> _THE TASK_
Starting at the first line of the data, print each line verbatim up to and including the line bearing "需要根據(jù)現(xiàn", omitting pictures.

> _AVAILABLE DATA_
—————

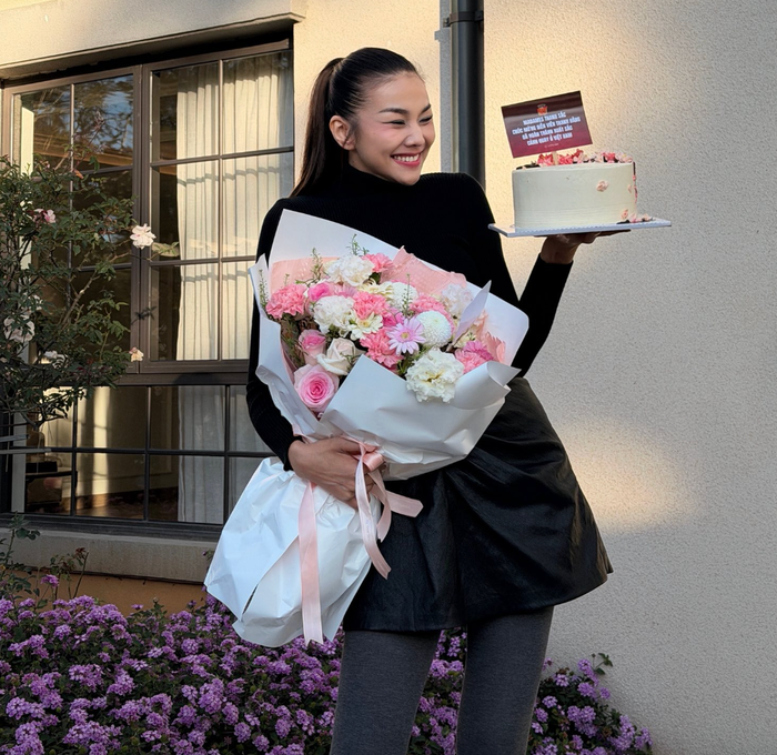 Dòng trạng thái ngắn gọn nhưng đầy cảm xúc nhanh chóng thu hút sự quan tâm lớn từ công chúng. Trong loạt hình ảnh được đăng tải, Thanh Hằng ăn diện chỉn chu, nở nụ cười rạng rỡ khi nhận bánh kem và một bó hoa lớn.
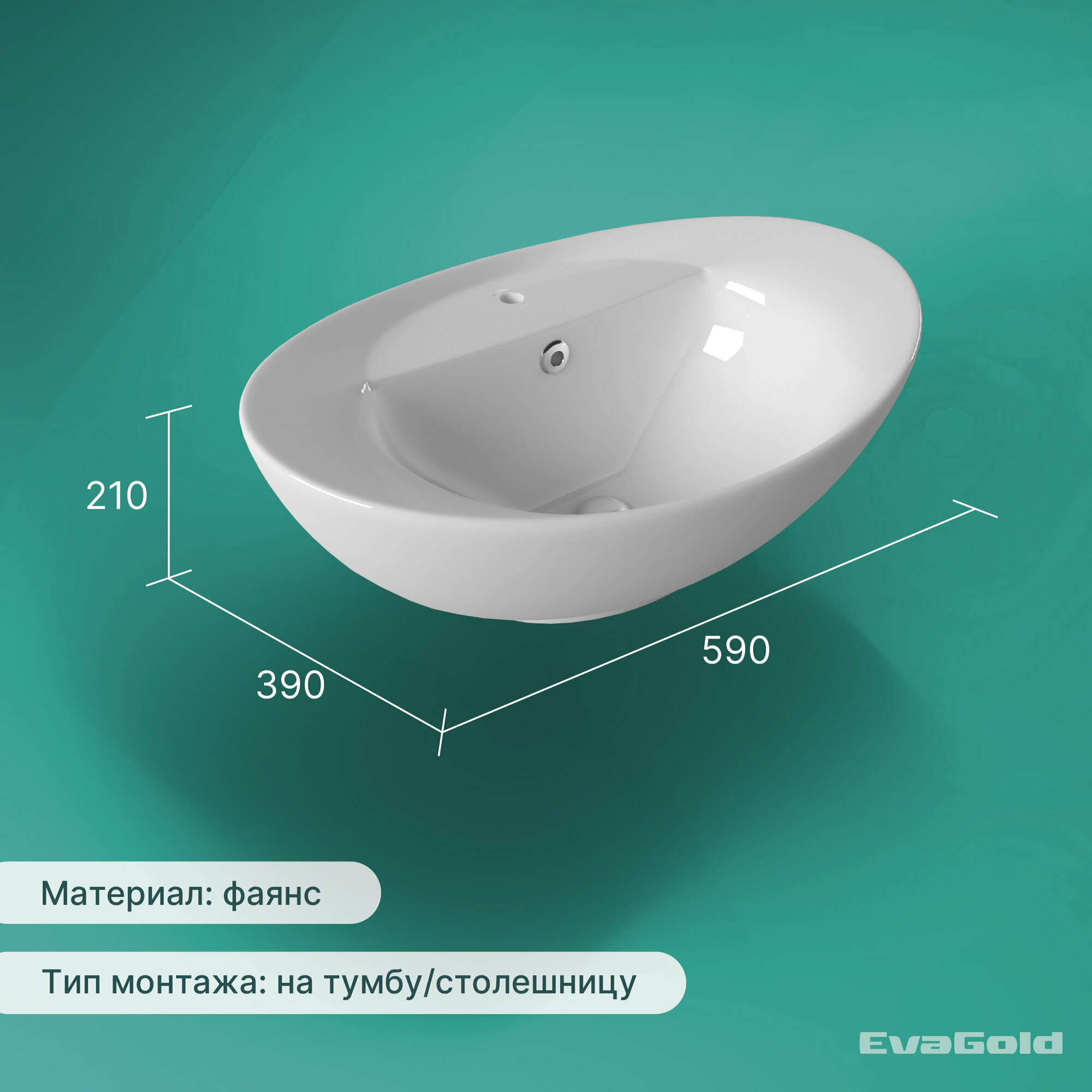 Купить Раковина для ванной накладная EvaGold 590*390*210мм, модель ND601.2 белый
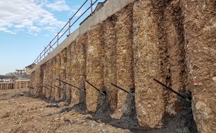 需要根據(jù)現(xiàn)有坡面情況進(jìn)行處理,如果坡面的碎石不多可以采用人工清理坡面浮渣、植被以及各別松動的巖石。如果坡面破碎且土質(zhì)顆粒小,則需要先進(jìn)行初噴混凝土,粘結(jié)坡面破碎砂土再進(jìn)行后續(xù)施工。
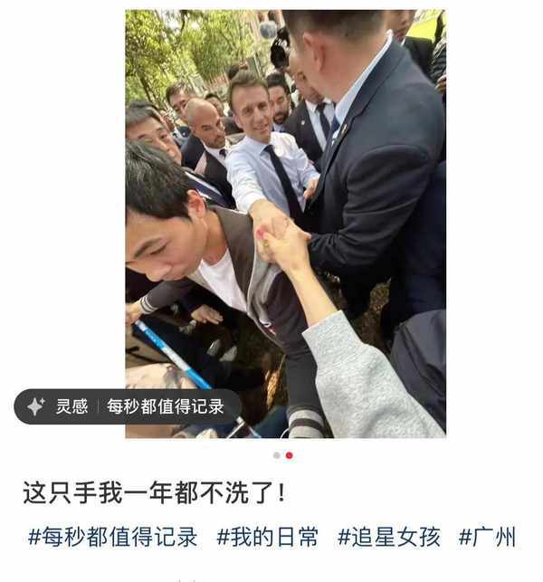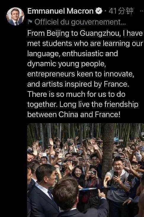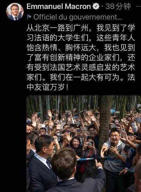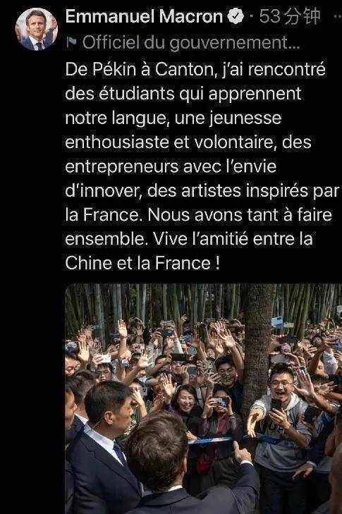 馬克龍先生在享受完瞭廣州美食和北京烤鴨之後,發出瞭3種語言的帖子,字裡行間難以掩飾心中的喜悅,在廣州多受學生的熱情擁堵,在這趟吃喝玩樂之旅就有多開心吧。

—————

> _SOLUTION FOR THIS TASK_
 Dòng trạng thái ngắn gọn nhưng đầy cảm xúc nhanh chóng thu hút sự quan tâm lớn từ công chúng. Trong loạt hình ảnh được đăng tải, Thanh Hằng ăn diện chỉn chu, nở nụ cười rạng rỡ khi nhận bánh kem và một bó hoa lớn.
 Купить Раковина для ванной накладная EvaGold 590*390*210мм, модель ND601.2 белый
 需要根據(jù)現(xiàn)有坡面情況進(jìn)行處理,如果坡面的碎石不多可以采用人工清理坡面浮渣、植被以及各別松動的巖石。如果坡面破碎且土質(zhì)顆粒小,則需要先進(jìn)行初噴混凝土,粘結(jié)坡面破碎砂土再進(jìn)行后續(xù)施工。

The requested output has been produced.